Adressen en contactpersonen van overheidsorganisaties.
U bent hier:
Datum publicatie | Organisatie | Vergaderjaar | Vergadernummer | Datum vergadering |
---|---|---|---|---|
Tweede Kamer der Staten-Generaal | 2019-2020 | nr. 31, item 4 |
Vragen van het lid Van den Berg aan de minister voor Medische Zorg en Sport over het sluiten van afdelingen van het ziekenhuis Winterswijk.
De voorzitter:
Ik geef het woord aan mevrouw Van den Berg namens het CDA voor haar vraag aan de minister voor Medische Zorg, die ik van harte welkom heet, over het sluiten van de afdelingen intensive care, verloskunde en kindergeneeskunde in het ziekenhuis in Winterswijk.

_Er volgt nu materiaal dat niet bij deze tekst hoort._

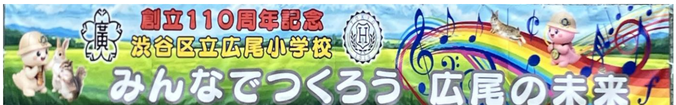
★横断幕が完成しました。広尾小キャラクター「ひろごん」(左)と「さくらごん」(右)もいます!

その見晴らしのよさに驚きの声もあがりました。今年度は保護者・地域の皆様にも上っていただく機会をもちたいと思います。ぜひ110年の歴史の重みを一緒に感じてください。
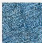
3D Granit bleu
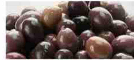
OLIVE NERE TIPO GAETA C +0/4°C, secchiello 1/5 Kg
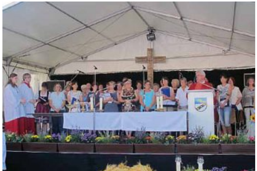
Im Anschluss folgte der Festgottesdienst auf dem Marktplatz, bei dem auch der Kirchenchor St. Kolumban und der Musikverein Unterboihingen mitwirkten.
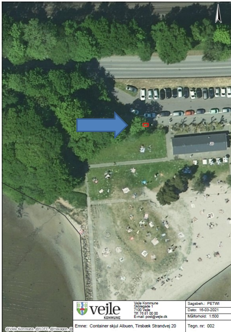
Fig.3 Container skjul Albuen, Tirsbæk Strandvej 20, 7100 Vejle opstilles ved rød firkant markeret med blå pil
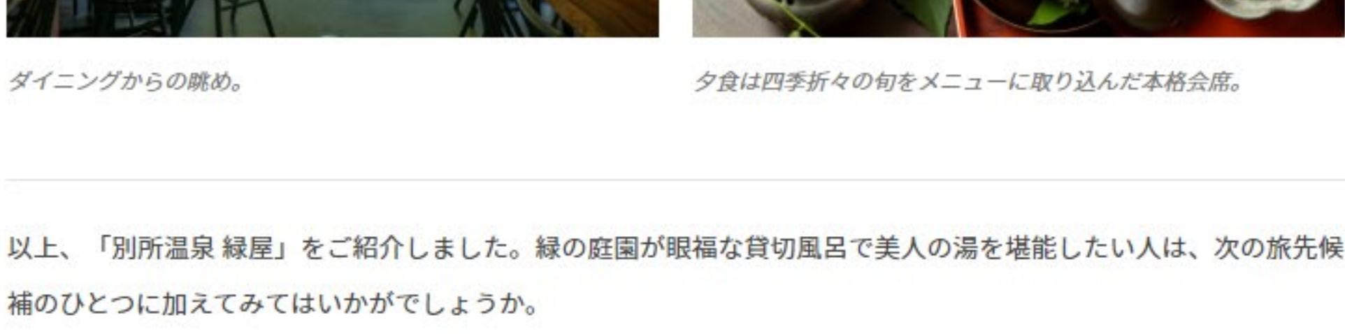
夕食は四季折々の旬をメニューに取り込んだ本格会席。

以上、「別所温泉 緑屋」をご紹介しました。緑の庭園が眼福な貸切風呂で美人の湯を堪能したい人は、次の旅先候補のひとつに加えてみてはいかがでしょうか。

Het woord is aan mevrouw Van den Berg.
Mevrouw Van den Berg (CDA):
Voorzitter, dank u wel. Ik was er werkelijk verbijsterd over dat wij weer in de krant moesten lezen dat een ziekenhuis van plan is om allerlei dingen te gaan sluiten zonder dat dat met betrokkenen is besproken. Niemand weet ergens wat van. Dan hoor ik ook nog dat in 2017, toen deze ziekenhuizen gefuseerd zijn, tegen de gemeentes is gezegd dat beide ziekenhuizen volwaardig zouden blijven. Daarnaast heeft de gemeenteraad nog begin dit jaar vragen gesteld op basis van het gerucht dat het Streekziekenhuis Koningin Beatrix zou gaan sluiten en heeft de directie van Santiz dat toen ontkend.
Voorzitter. Ik ben hier gewoon echt heel erg boos over. Ik heb eerst drie vragen aan de minister. Is de minister het met het CDA eens dat met het vertrek van verloskunde geen volwaardig ziekenhuis meer overblijft in Winterswijk en dat dit het begin is van het einde? Is de minister bereid om nog voor de kerst in gesprek te gaan met de mensen uit de regio, bijvoorbeeld met de Stichting Vrienden van het Streekziekenhuis Koningin Beatrix die daar zelf ook heel veel energie, tijd en zelfs geld in stoppen? Is de minister het met ons eens dat het niet zo kan zijn dat gezegd wordt dat mensen die andere ideeën hebben die nog kunnen aanleveren, maar dan wel voor februari 2020? Dat vinden wij geen tijdspad. Graag een eerste reactie van de minister op deze vragen.
De voorzitter:
Ik zie al een aantal Kamerleden bij de interruptiemicrofoon staan. Het woord is eerst aan de minister.
Minister Bruins:
Voorzitter, dank u wel. Mevrouw Van den Berg spreekt haar verbazing uit. Ik hoor goed wat zij zegt. Mevrouw Van den Berg en ik staan allebei voor een ontwikkeling waarbij als er iets gebeurt in het zorglandschap, in dit geval in het ziekenhuiszorglandschap, daarover wordt gesproken met de omgeving: met de huisartsen, de ambulancevoorzieningen en bijvoorbeeld ook met het openbaar bestuur.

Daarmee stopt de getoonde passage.